Review the Desk Calculator example developed in chapter 6.1 of
Stroustrup _The C++ Programming Language, Third Ed._
Nov 23 '07 #4

This thread has been closed and replies have been disabled. Please start a new discussion.

Similar topics

16
by: qwweeeit | last post by:
In analysing a very big application (pysol) made of almost 100 sources, I had the need to remove comments. Removing the comments which take all the line is straightforward... Instead for the...
9
by: Lans | last post by:
I have a string that I need to tokenize but I need to use a string token see example i am trying the following but strtok only uses characters as delimiters and I need to seperate bu a certain...
4
by: Kelvin | last post by:
hi: in C, we can use strtok() to tokenize a char* but i can't find any similar member function of string that can tokenize a string so how so i tokenize a string in C++? do it the C way? ...
2
by: James | last post by:
Hi, I am looking for a stringtokenizer class/method in C#, but can't find one. The similar classes in Java and C++ are StringTokenizer and CStringT::tokenize respectively. I need to keep a...
5
by: Lam | last post by:
Hi I try to read in a line from text file, and how can I tokenize the line? Thanks
20
by: bubunia2000 | last post by:
Hi all, I heard that strtok is not thread safe.

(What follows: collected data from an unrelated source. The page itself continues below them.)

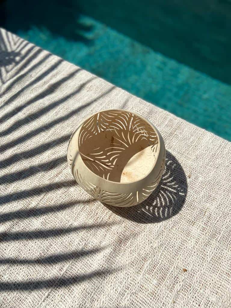 Kokosnuss Laterne BLATT vereint das Beste aus Handarbeit und Natur in einer umweltfreundlichen Dekoration. Jede Laterne ist ein Zeugnis des balinesischen Handwerks, sorgfältig gefertigt mit einem schönen Blattmuster, das nicht nur für atmosphärisches Licht sorgt, sondern auch einen Hauch von Natur in dein Zuhause bringt. Diese Laterne ist die perfekte Wahl für alle, die nachhaltig produzierte, grüne Deko schätzen. Ihr natürliches Beleuchtungselement fügt sich nahtlos in den Boho-Stil ein und verleiht jedem Raum ein warmes, einladendes Flair. Als Bio-Leuchte bietet sie nicht nur ästhetische Schönheit, sondern fördert auch ein bewusstes Leben im Einklang mit der Natur.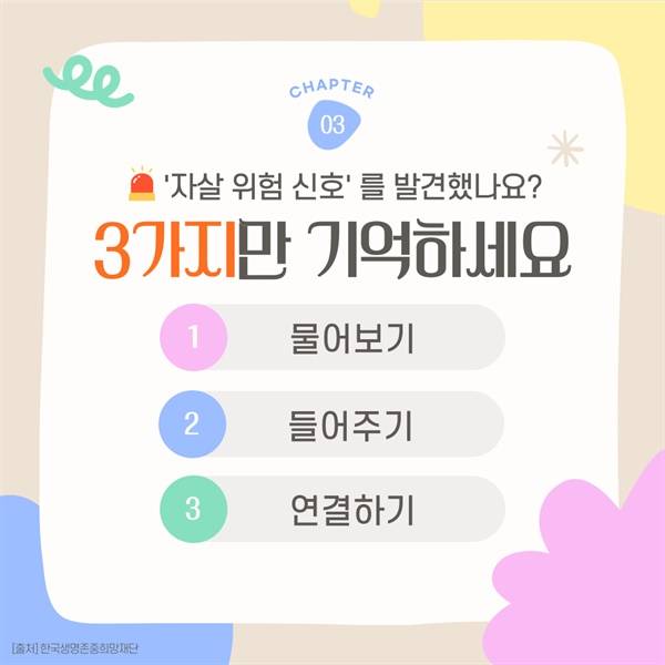 | ▲ 자살예방교육의 핵심은 상대가 자살 생각이 있는 지 확인하고, 관련 기관에 연결해주는 것이다. |
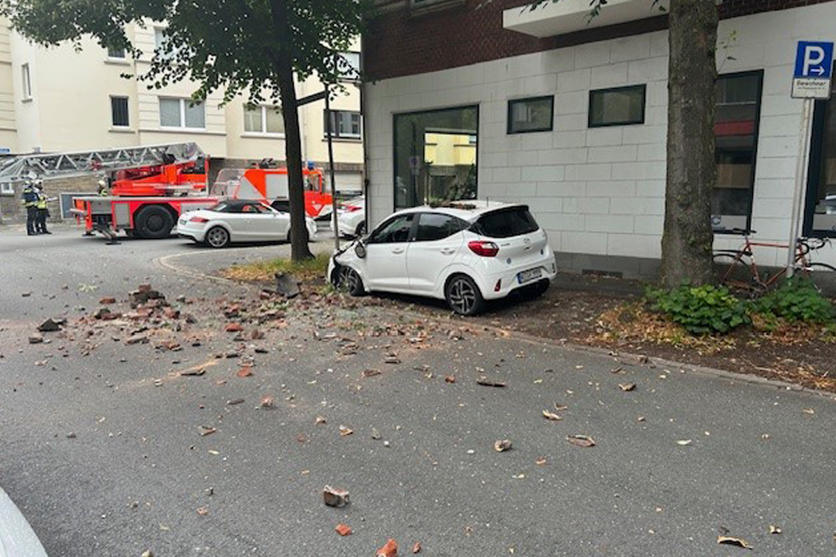 In Witten ist am Sonntagmorgen, 3. August 2025, der Aufsatz eines Kamins auf ein geparktes Auto gestürzt und hat auch das Dach des Hauses beschädigt. Drei Wohnungen wurden für unbewohnbar erklärt.

So I want to write a sample program which will tokenize string without using strtok. Can I get a sample source code for the same. For exp:...
1
by: Tim | last post by:
I ran into a problem with a script i was playing with to check code indents and need some direction. It seems to depend on if tabsize is set to 4 in editor and spaces and tabs indents are mixed on...
2
by: askalottaqs | last post by:
there's in maya's scripting language mel, called tokenize, you simply tokenize("string i want to tokenize"," ",bufferArray) which will fill the fufferArray wih the first string tokenized accorfing...
6
m6s
by: m6s | last post by:
1. After hours of researching, I used these snippets : void Object::TokenizeLines(const string& str, vector<string>& tokens, const string& delimiters) // Skip delimiters at beginning....
0
by: taylorcarr | last post by:
A Canon printer is a smart device known for being advanced, efficient, and reliable. It is designed for home, office, and hybrid workspace use and can also be used for a variety of purposes. However,...
0
by: Charles Arthur | last post by:
How do i turn on java script on a villaon, callus and itel keypad mobile phone
0
by: ryjfgjl | last post by:
If we have dozens or hundreds of excel to import into the database, if we use the excel import function provided by database editors such as navicat, it will be extremely tedious and time-consuming...
0
by: emmanuelkatto | last post by:
Hi All, I am Emmanuel katto from Uganda. I want to ask what challenges you've faced while migrating a website to cloud. Please let me know. Thanks! Emmanuel
0
BarryA
by: BarryA | last post by:
What are the essential steps and strategies outlined in the Data Structures and Algorithms (DSA) roadmap for aspiring data scientists? How can individuals effectively utilize this roadmap to progress...
1
by: nemocccc | last post by:
hello, everyone, I want to develop a software for my android phone for daily needs, any suggestions?
0
by: Hystou | last post by:
There are some requirements for setting up RAID: 1. The motherboard and BIOS support RAID configuration. 2. The motherboard has 2 or more available SATA protocol SSD/HDD slots (including MSATA, M.2...
0
Oralloy
by: Oralloy | last post by:
Hello folks, I am unable to find appropriate documentation on the type promotion of bit-fields when using the generalised comparison operator "<=>". The problem is that using the GNU compilers,...
0
jinu1996
by: jinu1996 | last post by:
In today's digital age, having a compelling online presence is paramount for businesses aiming to thrive in a competitive landscape. At the heart of this digital strategy lies an intricately woven...

By using Bytes.com and it's services, you agree to our Privacy Policy and Terms of Use.

To disable or enable advertisements and analytics tracking please visit the manage ads & tracking page.